In anticipation of Kevin Brockmeier's visit to the store this Wednesday, we spent a pleasurable weekend passing around his new story collection, The View from the Seventh Layer. Like a good album, each cut has its own distinct character and you're not left trying to recall the particulars of each story when you're done.
We first met Kevin several years ago on the book tour for his debut collection, Things That Fall from the Sky. He was a quiet, unassuming guy, though he delivered a very dynamic, theatrical reading. This is indicative, in a way, of his stories, which often describe misfits and loners and their confrontations with the fantastic.
The title story of the new book, for instance, follows a shy girl through her life on a tropical island, selling maps to tourists and dispensing of insects for her eccentric neighbor. We learn about her through her daydreams — her observations on books she's read (though she's forsaken books for now) and her memories of inscriptions she made in high school annuals. The polished, exacting prose and the girl's teasing mentions of a prior encounter with "the Entity" lulls us into a reader's trance, as this strange and wonderful tale of a life, both simple and complex, unfolds. We may not all be sure of the point, but it was pleasant and memorable.
This marriage of the fantastic and the mundane is Brockmeier's stock in trade. Here we find it again and again. In one story, the inhabitants of a city collectively seek to obliterate all noise, only to find that the silence drives them mad. A Chekhov-inspired story relates a love affair between a man and a woman, though it's set on a far-off planet in the distant future. Brockmeier even borrows the Choose Your Own Adventure device, based on the best-selling kids' books from the 1980s, though instead of allowing the reader to choose his/her own path through an action story, he suggests how even the most ordinary daily decisions may lead to the same drastic conclusion.

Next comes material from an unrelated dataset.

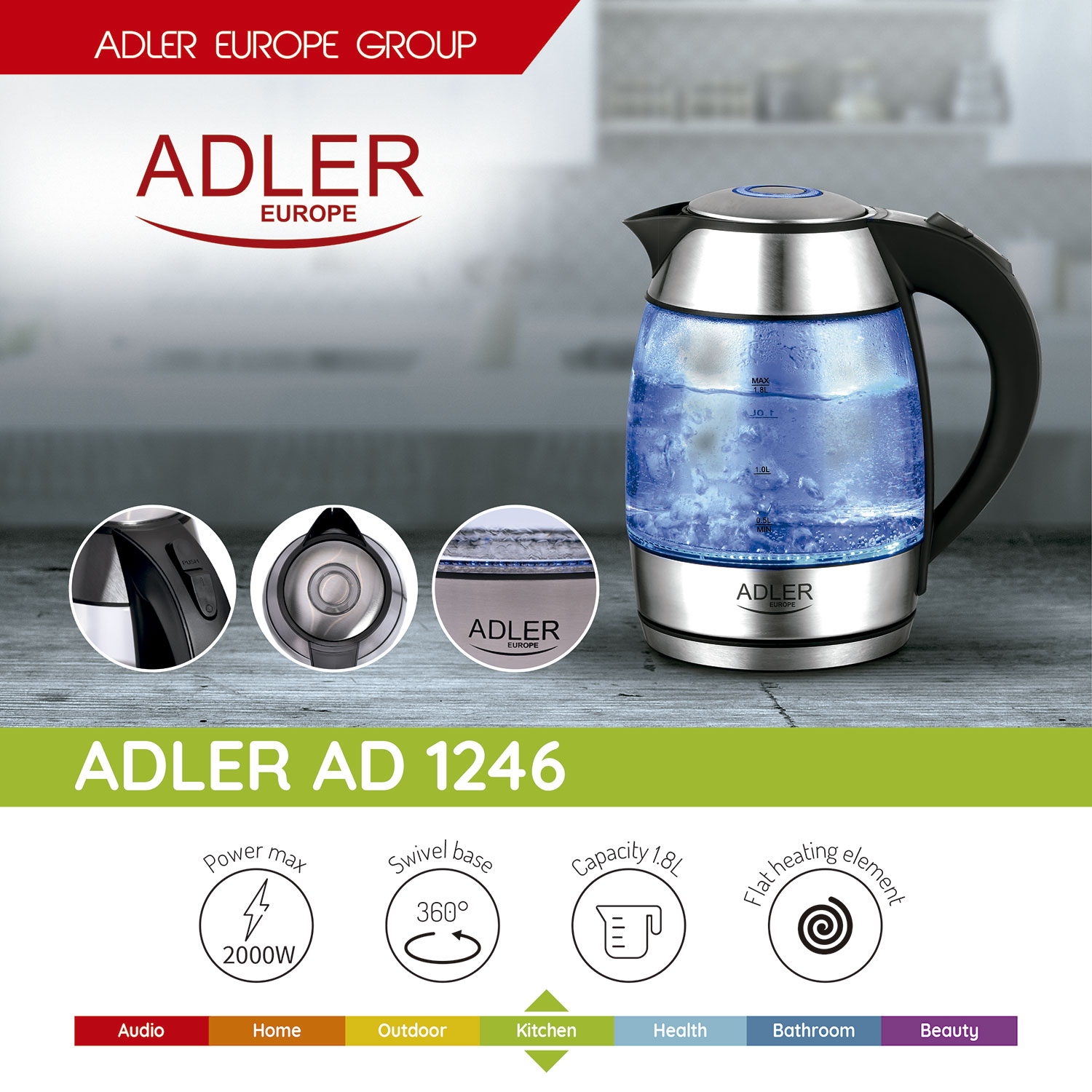 | Libellé | Bouilloire électrique, verre de 1,8 litre, récipient sans BPA, sans Fil 2200 Transparent AdlerAD1246 |

Perhaps our favorite, though, was "Father John Melby and the Ghost of Amy Elizabeth," the story of a pastor whose boring sermons are enlivened by a mysterious presence. At first he believes God is guiding his inspired words, then comes to fear that a ghost may have been sent to challenge his piety. It's a marvelous, classically constructed tale with just the right dash of the supernatural.
Brockmeier is from Little Rock, home also to our beloved writer Charles Portis. If he has anything to share about Portis, we'll let you know. Regardless, we hope you'll come out and hear him read, or give his book a shot. Order a copy and we'll have him inscribe it to you, high school annual-style.
And on a final note, we have received a mysterious package here at Turnrow, wrapped in brown paper and addressed to Kevin Brockmeier. This may be of only slight interest, and a possible violation of the bookseller-author confidentiality agreement, but we mention it only because it is so Brockmeierien.